Martha in the news! (re: TPM's Marshall)

But I don't know who wrote this-- it was a quote within a quote which I clipped, but them I went back to find the author to attribute, the comment had dropped off the blog somehow or I forgot where'd I'd found it.

Perhaps someone will inform me re: the author of this pithy Martha Mitchell reference:

..bloggers will realize how reckless their actions have been and will learn some valuable lessons from this episode. They need to learn how journalism really works and to understand what drives modern journalism you have to go all the way back to the Watergate scandal, which many bloggers are too young to remember.

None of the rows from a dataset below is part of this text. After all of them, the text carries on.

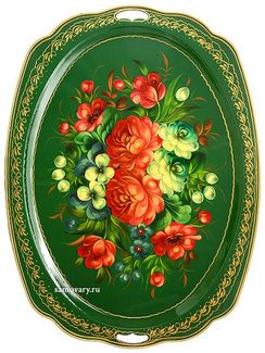 - Поднос Жостово с художественной росписью "Пионы на зеленом фоне", овал с фигурным краем, арт. 2109 в каталоге Подносы в Санкт-Петербурге;
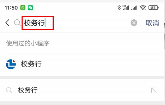 1. 职工个人进入手机微信后下拉菜单进入微信小程序,搜索“校务行”,点击进入校务行小程序。
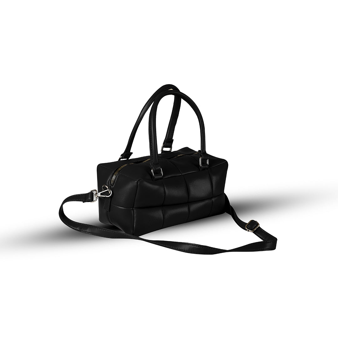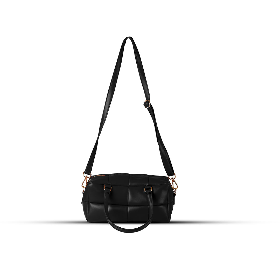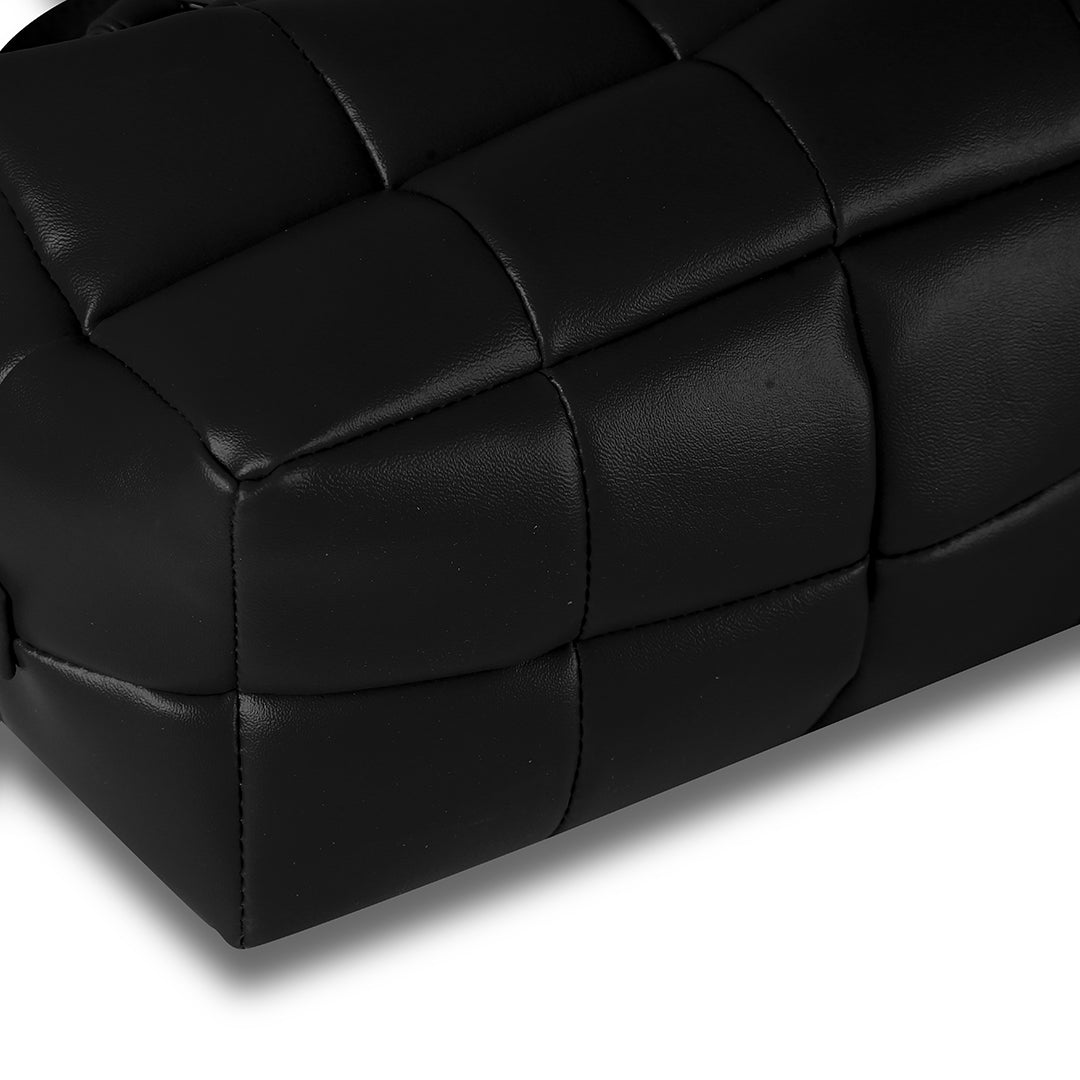 Meet your new go-to bag. This black quilted satchel features a unique padded texture and gleaming gold-tone hardware that adds a touch of luxury to any outfit.
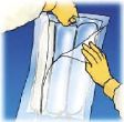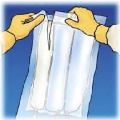 Torba, üst kısmından (askının bulunduğu kenar) başlayarak katlanır. Separatörler, uygulama girişlerine yakın yerlerden ayrılmaya başlayacaktır. Separatörler torbanın yarısına kadar açılacak şekilde, torba katlanmaya devam edilmelidir.
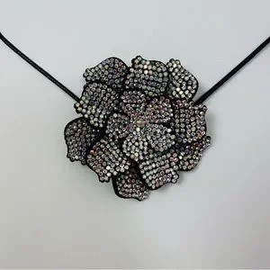 Elevate your accessory game with the masterpiece of versatile design. This piece features a captivating floral motif surrounded by a halo of sparkling crystals that mimic the night sky's stars. Fashioned with a black cord,this choker presents two chic wearing options—wear it as a classic choker that sits elegantly at your collar or experiment with an asymmetrical style for a modern, edgy vibe.
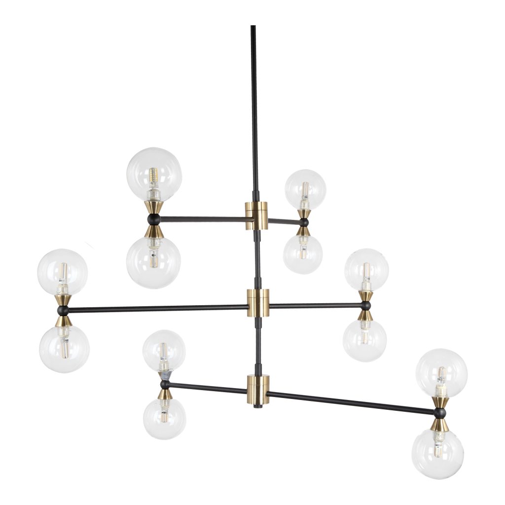 Our Centauri Pendant Light is as dazzling and complex as the Alpha Centauri star system itself. Twelve lightbulbs encased in delicate glass orbs extend from sleek, sturdy iron rods. Works as both a light fixture and an art installation.
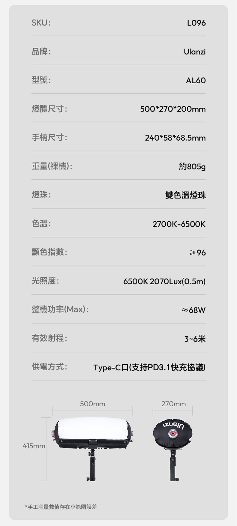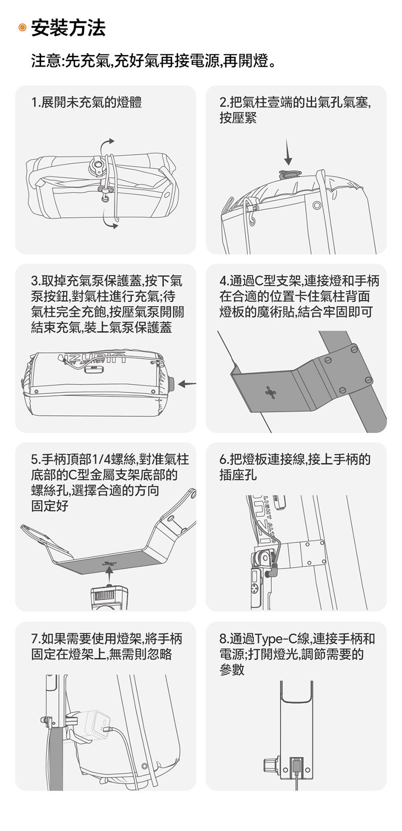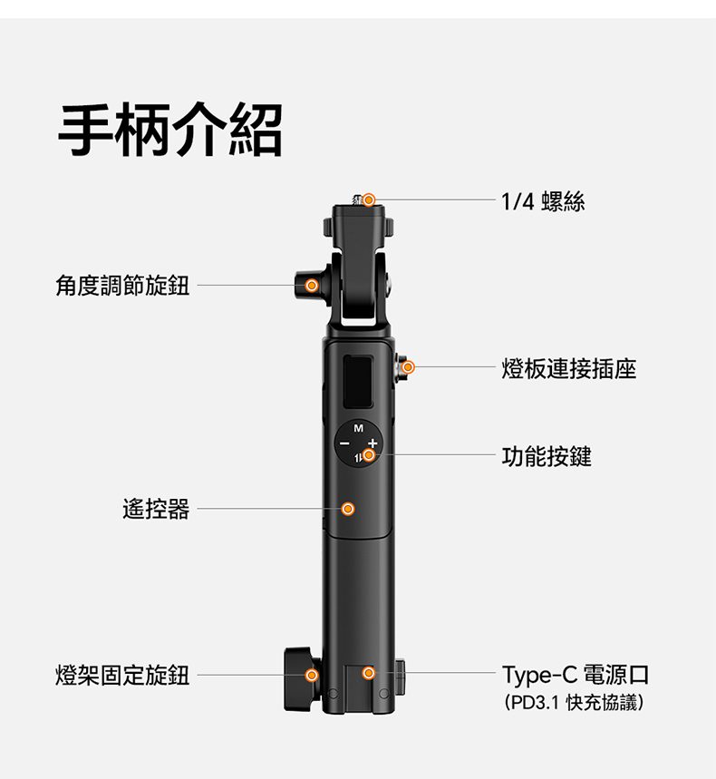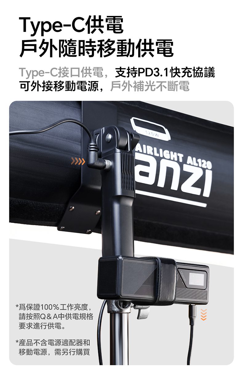 - Type-C 接口供電,支援 PD3.1 快充協議,可隨時連接行動電源,確保戶外持續補光。
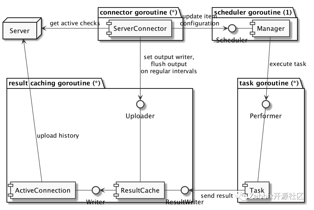 从Zabbix服务器接收项目配置后,ServerConnector更新其自己的数据并为每个提供相应指标的插件创建一个特定的updateRequest。通过通道将请求发送到Scheduler,然后Scheduler创建任务并将其放入队列。这样,插件将在完成分配给它的所有先前任务后启动这些任务。
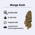 Mit einem CBD-Gehalt von rund 22,85 % bietet Mango Kush ein besonders intensives Aromaerlebnis – ganz ohne psychoaktive Wirkung. Die Sorte eignet sich perfekt für entspannte Momente im Alltag: sei es zum Abschalten nach einem langen Tag, beim Lesen oder in geselliger Runde. Das Zusammenspiel aus fruchtiger Süße und würzig-erdigem Unterton sorgt für eine angenehme Raumatmosphäre und macht die Blüte zu einem aromatischen Begleiter für bewusste Genießer.
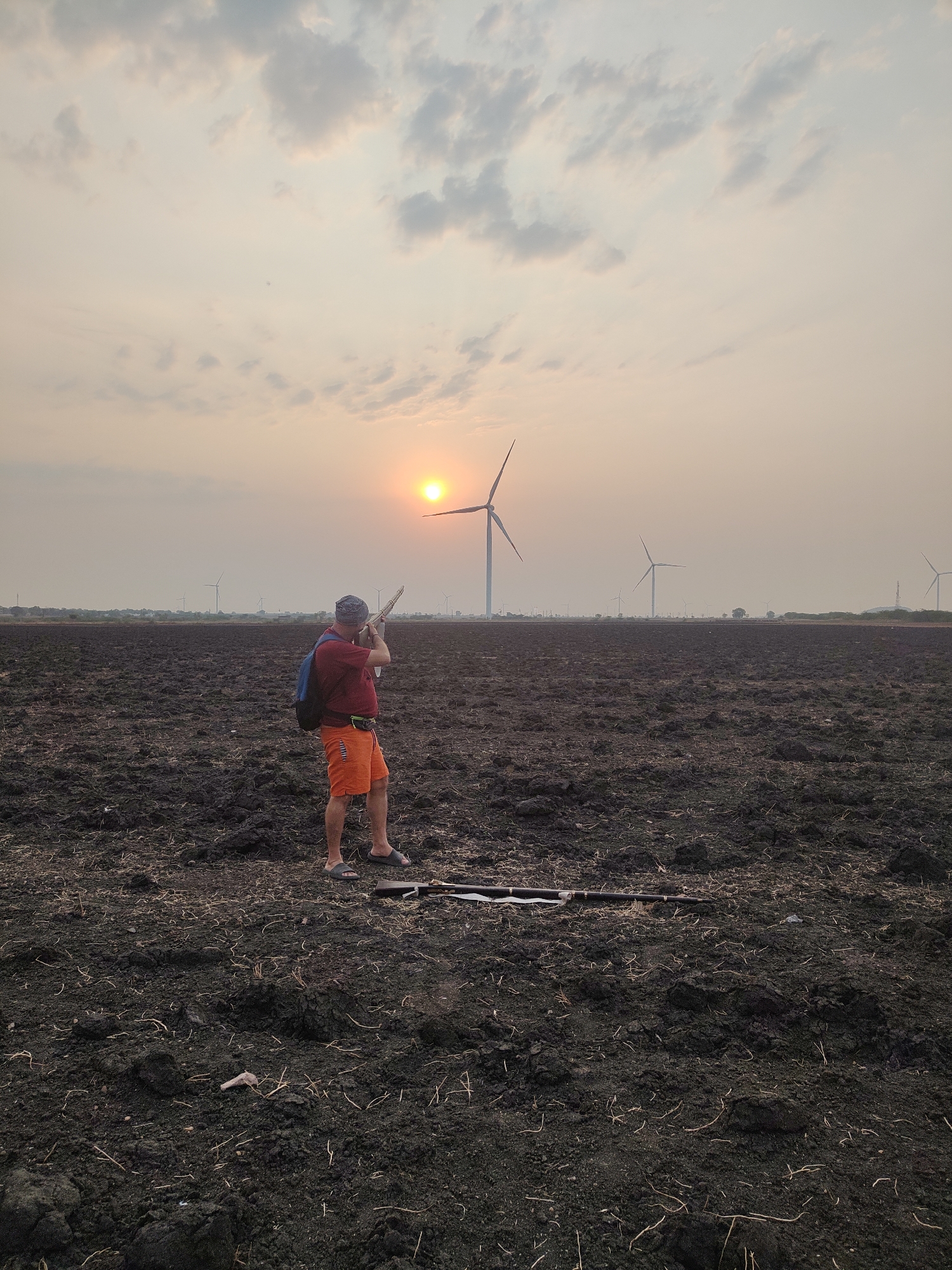 In Kottalapalli, India, an adult male stands in a large, dark, tilled agricultural field at sunset. He is positioned facing slightly away from the viewer, towards the setting sun, which is a bright orange disc on the horizon. The man is dressed in a dark red t-shirt, orange shorts, grey slide sandals, and a blue backpack, with a blue beanie and a fanny pack also visible. He holds a light-colored long gun, possibly a shotgun or rifle, aimed upwards and to the right, towards the sunset and a prominent wind turbine. A second, darker long gun, resembling a shotgun, lies horizontally on the tilled earth to his immediate right. In the background, numerous white wind turbines are visible across the expansive, hazy landscape under a sky with scattered light clouds tinted orange and pink by the low sun.
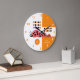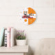 Orange and white clock, with cute red and black ladybirds, for a kid's room, nursery decor.
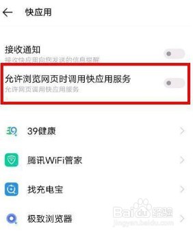 3、3,最后,大家只需要点击“允许网页浏览时调用快应用服务”右侧的关闭键即可。
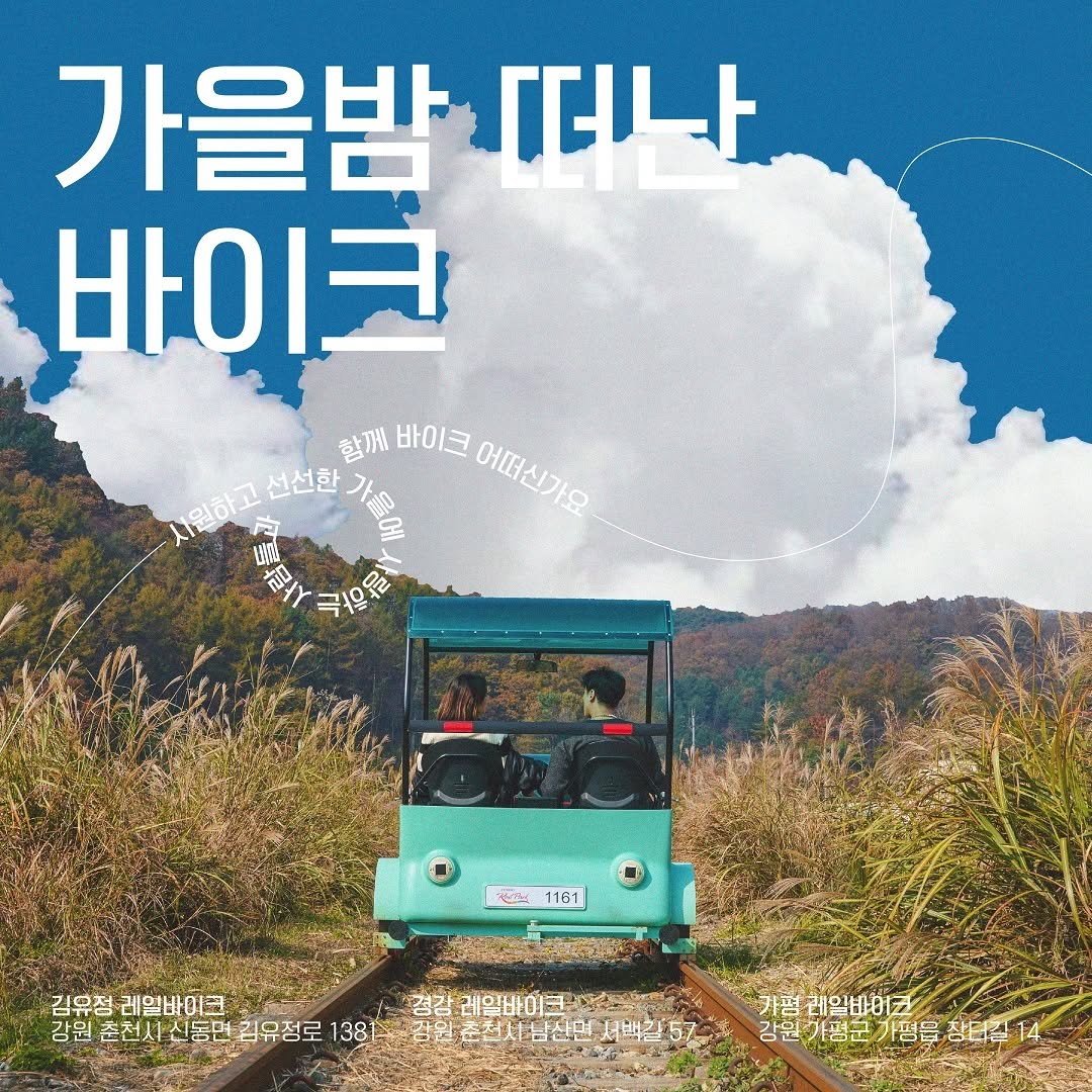 - 강촌레일파크: 시원한 바람 맞으며 레일바이크 체험

After Richard Nixon was forced to resign the presidency because of the Watergate scandal, he told David Frost in an interview, "If it hadn't been for Martha Mitchell, there'd have been no Watergate." Martha Mitchell was the wife of Nixon's Attorney General John Mitchell. Before the Watergate scandal broke, she began calling reporters late at night and telling them that her husband was engaged in illegal activities. Reporters, of course, didn't believe anything she said and tried to help her by telling her husband what she was doing. He had her locked away and leaked a story to the press that she had a "drinking problem." The character of Martha Logan in the television series 24 is based on her so you can see why no one believed her and why she was so dangerous.

Although some blame for Watergate must also go to Mark Felt, the disgruntled FBI employee who has since been revealed as Woodward and Bernstein's source Deep Throat, it was Mitchell's indiscretions that first put the poisonous idea in the heads of reporters that our own government can't be trusted, which ultimately weakened our country. Just as people working for Gonzalez tried to stop U.S. attorneys from talking to reporters by threatening to release damaging information about them, John Mitchell tried to stop The Washington Post from writing about Watergate by warning, "[Post Publisher] Katie Graham's gonna get her tit caught in a big fat wringer if that's published."

Regrettably, The Washington Post went ahead with the story anyway. In the wake of Watergate laws were passed limiting what the government could do. Because of these laws government officials were barred from using all of the resources necessary to protect our country. So Mitchell was partly responsible not only for damaging the credibility and the power of the U.S. government for years to come but possibly even 9/11. It has taken years of painstaking work by the Bush Administration to restore some of the credibility and power the government lost after Watergate through laws like the Patriot Act. If one delusional, alcoholic woman, who just happened to be right in this one instance, can do so much damage despite the concerted effort of many reporters not to believe her, think what damage an army of Martha Mitchells could do. To journalists that's what bloggers are--an army of Martha Mitchells.

The idea of an army of Martha Mitchells is terrifying to reporters. Sure, Josh Marshall and other bloggers happened to be right on this one story, just as Martha Mitchell turned out to be correct despite the fact that she was a delusional drunken gossip. But that shouldn't tempt the Jay Carneys of the world to pick up the phone the next time one of these Martha Mitchells calls and tries to put subversive ideas in their heads. I think Carney and other reporters realize the damage Watergate did to this country and they are trying to undo it by returning journalism back to where it was before Bob Woodward and Carl Bernstein ruined it. Unfortunately, there is an army of Martha Mitchells out there constantly ringing up journalists in the middle of the night, waking them up when they are trying to sleep.